One of the most bizarre practices surrounding Easter chicks and ducklings is dyeing the birds in bright colors to make them more appealing. While many areas outlaw this practice, it is still possible to buy dyed chicks in the spring. The birds are dyed in the egg when coloring is injected during incubation, and while the birds do not appear to be harmed, there have been no extensive studies about the effects of the dye on chicks that are not fully developed. When the birds molt, the colored feathers are shed and their typical plumage colors return.

The greater damage caused by dyeing these birds is that the bright colors turn them into a novelty item. This emphasizes the birds as a gift rather than a live pet, and encourages many people to make an uninformed purchase of a bird they will not want to care for when it is no longer pink, purple or green.

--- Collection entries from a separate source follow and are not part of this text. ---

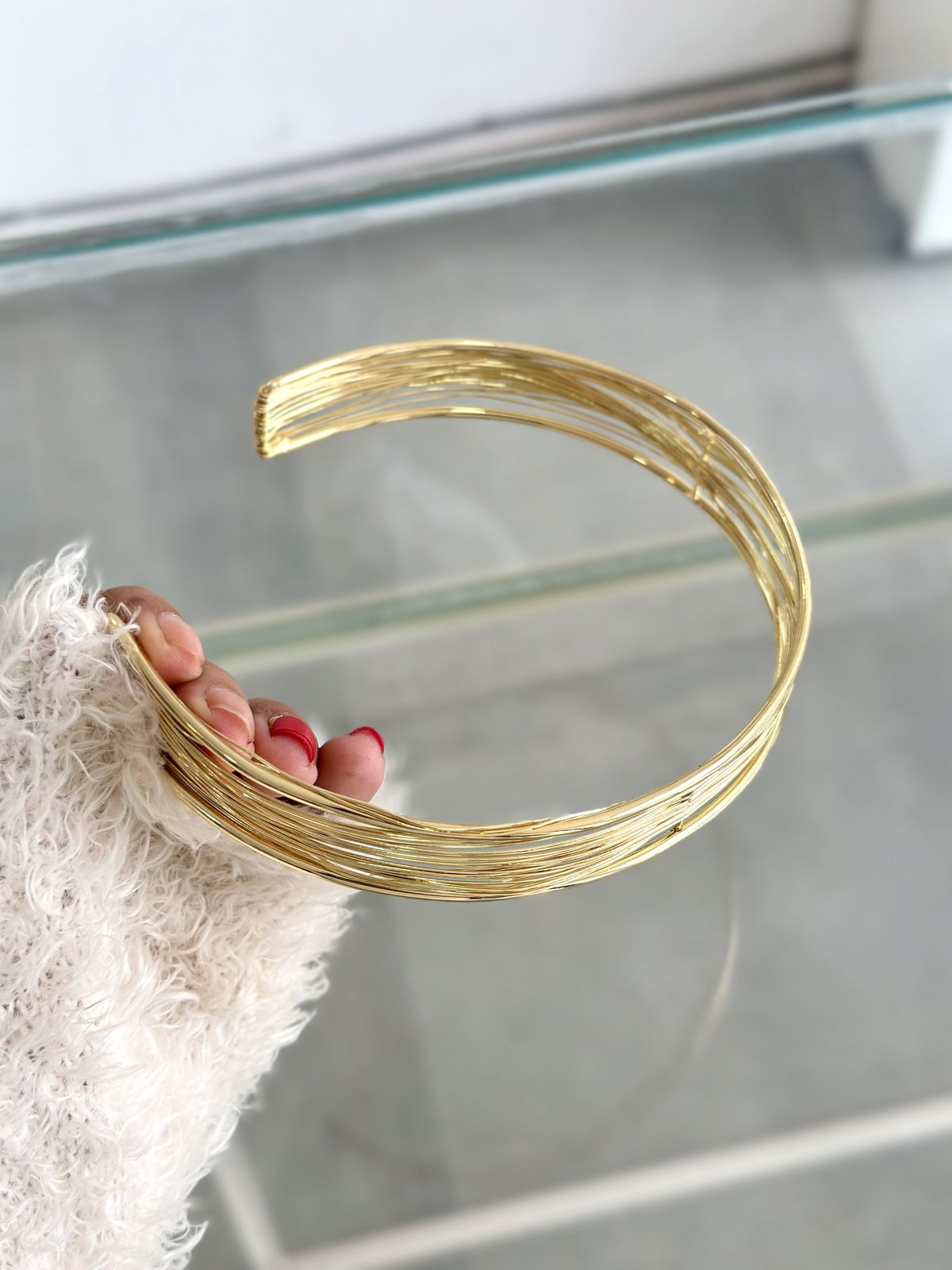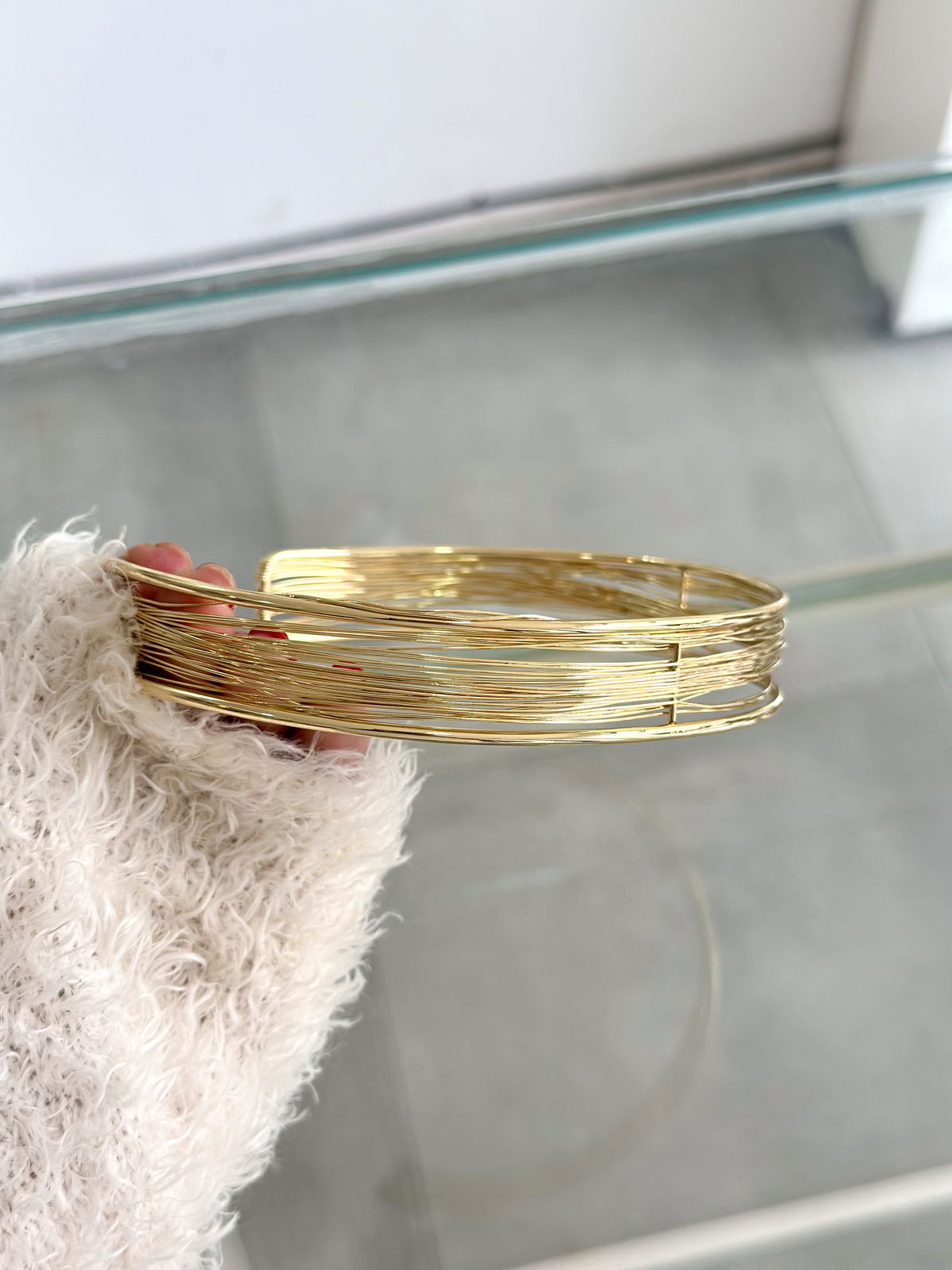 Gargantilla rígida líneas acero dorado.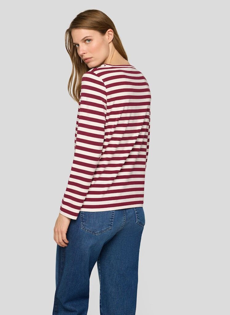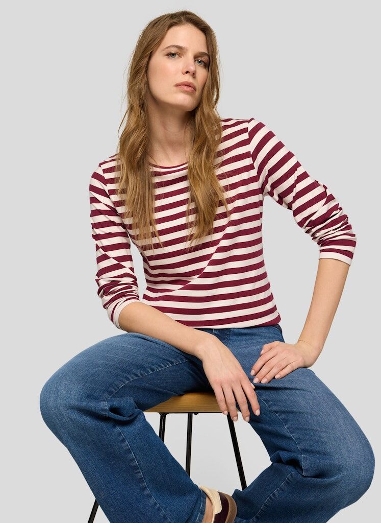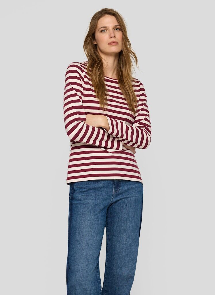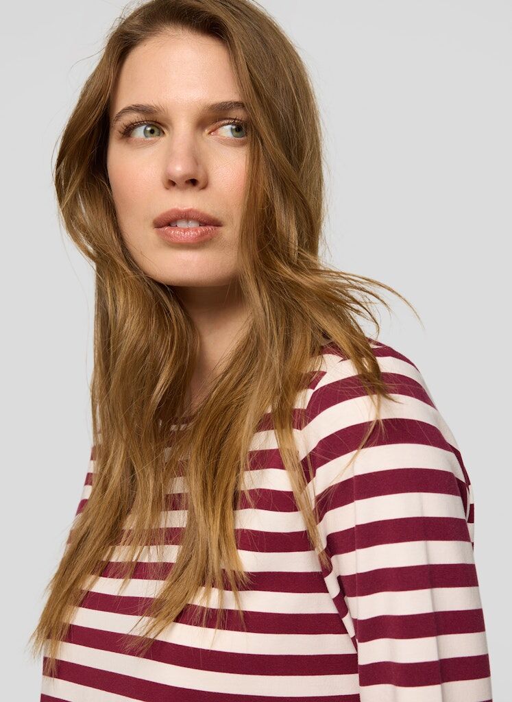 Das Shirt zeigt sich mit sportivem Querstreifenmuster und figurnaher Passform. Dank des Baumwoll-Anteils ist es besonders hautfreundlich, während der Stretch-Anteil für angenehme Bewegungsfreiheit sorgt. Der schlichte Rundhalsausschnitt rundet das Design alltagstauglich ab. Hautfreundlicher Baumwoll-Mix. Bequeme Stretch-Qualität. Zeitloses Streifenmuster. Rundhalsausschnitt. Figurnahe Passform.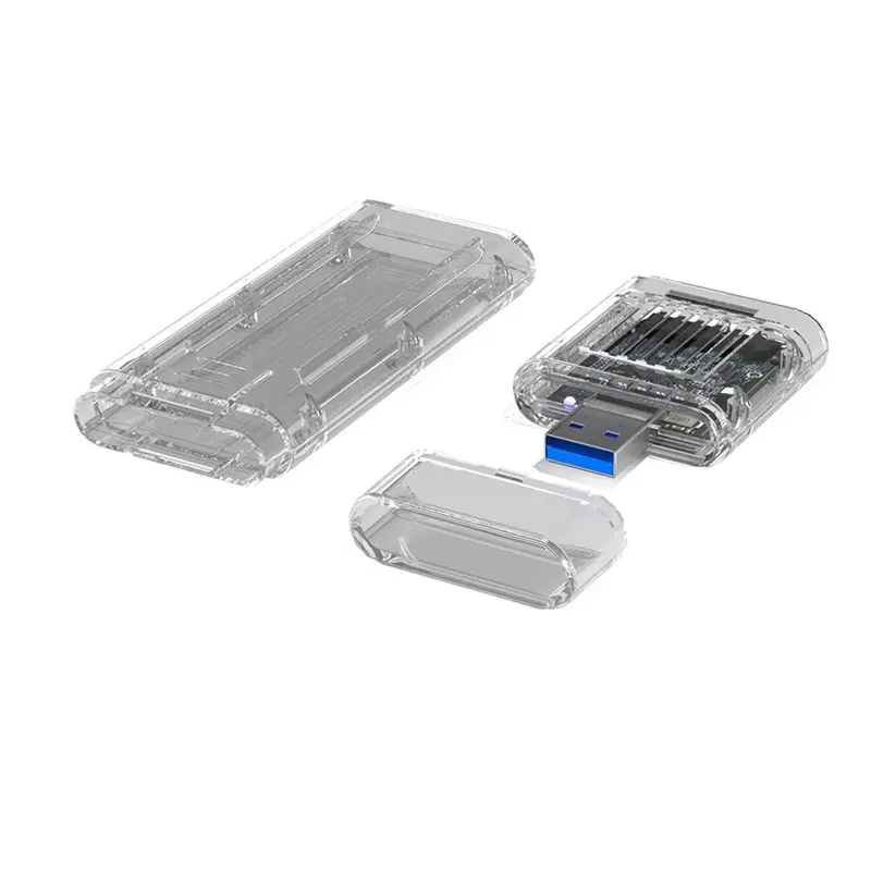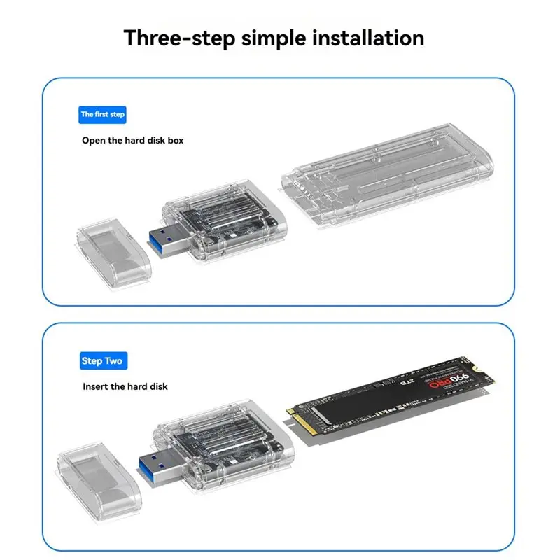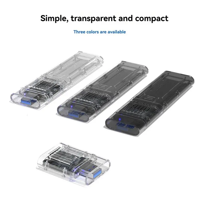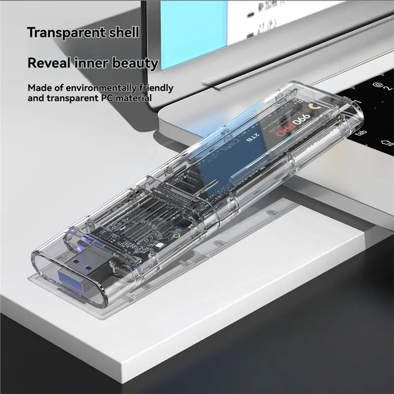 투명 케이스: 매끄럽고 투명한 디자인은 드라이브를 보호할 뿐만 아니라 하드웨어의 내부 작동 방식도 확인할 수 있습니다.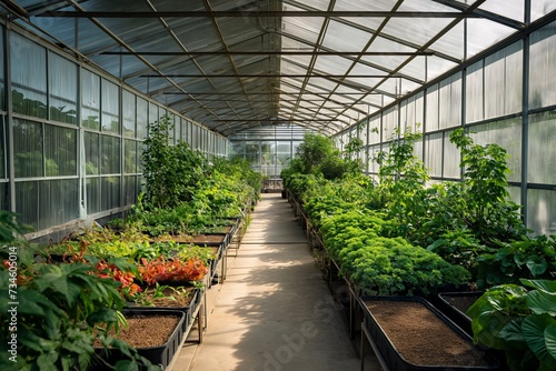 a greenhouse with many plants in it, in the style of linear perspective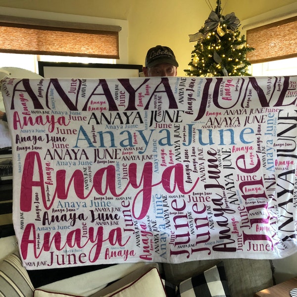 Our personalized word cloud art blanket is a unique gift for couples, best friends, and family, and it's a cute gift for birthday and anniversary.Click "Customize Now" and enter your names or your texts You Loved. This name blanket is made from durable, premium fabric, machine washable and tumble dry low. The color will not fade even after many washes.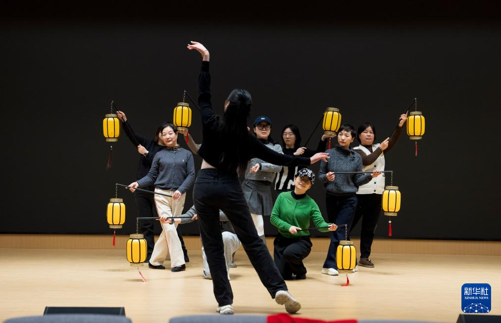 1月19日,在苏州市工人文化宫的多功能厅,企业职工在舞蹈老师带领下排练年会舞蹈。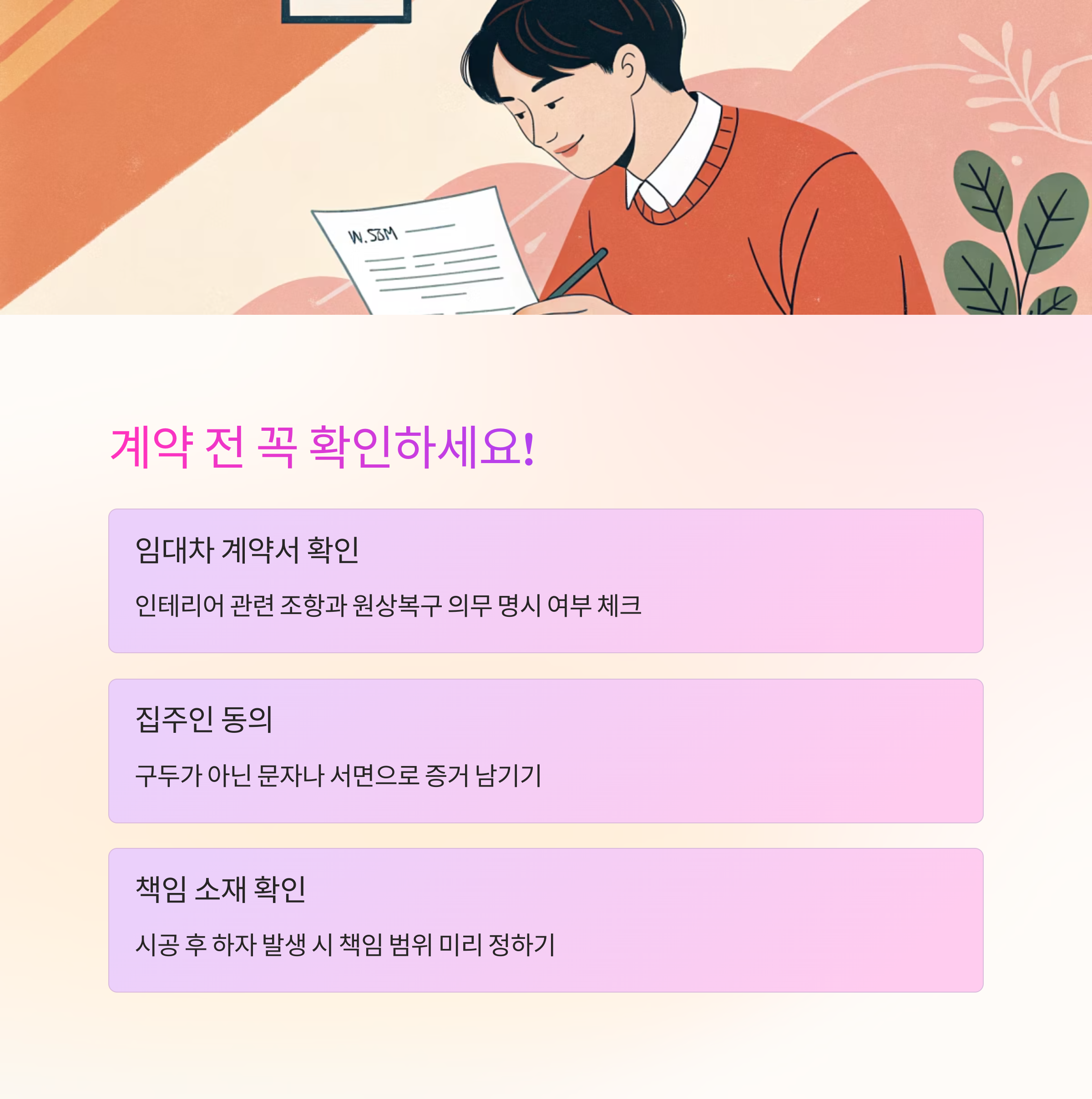 | 계약 확인 | 인테리어 가능 범위 명시 여부 |

Alternatives to Easter Chicks and Ducklings

Instead of giving a live bird that could be dangerous and requires a lifetime commitment of care as a spring or Easter gift, there are many more responsible alternative to choose from, including:

  • Toy chicks and ducklings, including plush or bathtub toys
  • Chocolate and candy birds and eggs
  • A visit to a petting zoo
  • Spring or Easter-themed coloring books, storybooks or games
  • A bird house or bird feeder to attract wild chicks
  • Seeds to grow in the spring

By understanding the needs of chicks and ducklings, you can decide if these birds truly are a good gift choice, and you can make a better informed decision about how to celebrate spring and Easter without harming birds or risking the potentially unpleasant effects of owning them.